The following examples make use of the `os` library to sort through and report on some data in a datafile. I have stuffed a bunch of irregular folder structure into the 'data' folder. You can click around and see that it would be hard to write code to access all of the data because there are folders and subfolders emedded in hierarchies of different length and etc. 
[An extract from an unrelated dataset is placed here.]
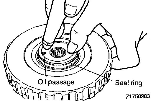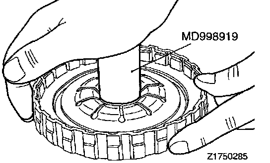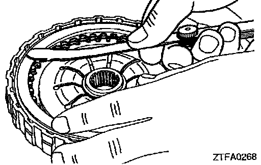 1. Check clearance between the snap ring and clutch reaction plate. To check the clearance, hold entire inside diameter of the clutch reaction plate down with 50 N (11 lbs.) force. If clearance is out of standard value, select a snap ring to obtain the standard value.

<a href = 'https://docs.python.org/3/library/os.html'> os library documentation</a>

The code blocks below shows some examples of things we can do with `os`. 

In [None]:
import os

cwd = os.getcwd()   # cwd stands for 'current working directory'
print(cwd)          ## so this handy command will return the path 
                    ## to the directory where your files will be
                    ## written and your project data is stored

print()        
print(type(cwd))


In [None]:
# In this example os.walk() acts on the folder data. At each         
## directory level it creates an object that consists of the 
## path to the directory, a list of directories within that 
## directory, and a list of all the file names in that directory.
        
file_list = []    # make two empty lists           
path_list = []

# each entry in the `walk` object will contain 
## all three pieces of information

for (path, directory, files) in os.walk('data'):
    
    # for every file in the list of files in a directory that doesn't
    ## start with '.' (is not a 'hidden' file)
    
    file = [f for f in files if not f[0] == '.'] 
    
    # add the filename and path of each file found by 'walking' the data 
    
    file_list.append(file)
    path_list.append(path)

file_path_dict = {}
file_path_dict = {path_list[i]: file_list[i] for i in range(len(file_list))}

print(file_path_dict)
    

This output is messy but you can see that it consists of pairs of directory names and file names.If we wanted to refer to each file in a python program, those are the two things we would need to identify or call the specific file. 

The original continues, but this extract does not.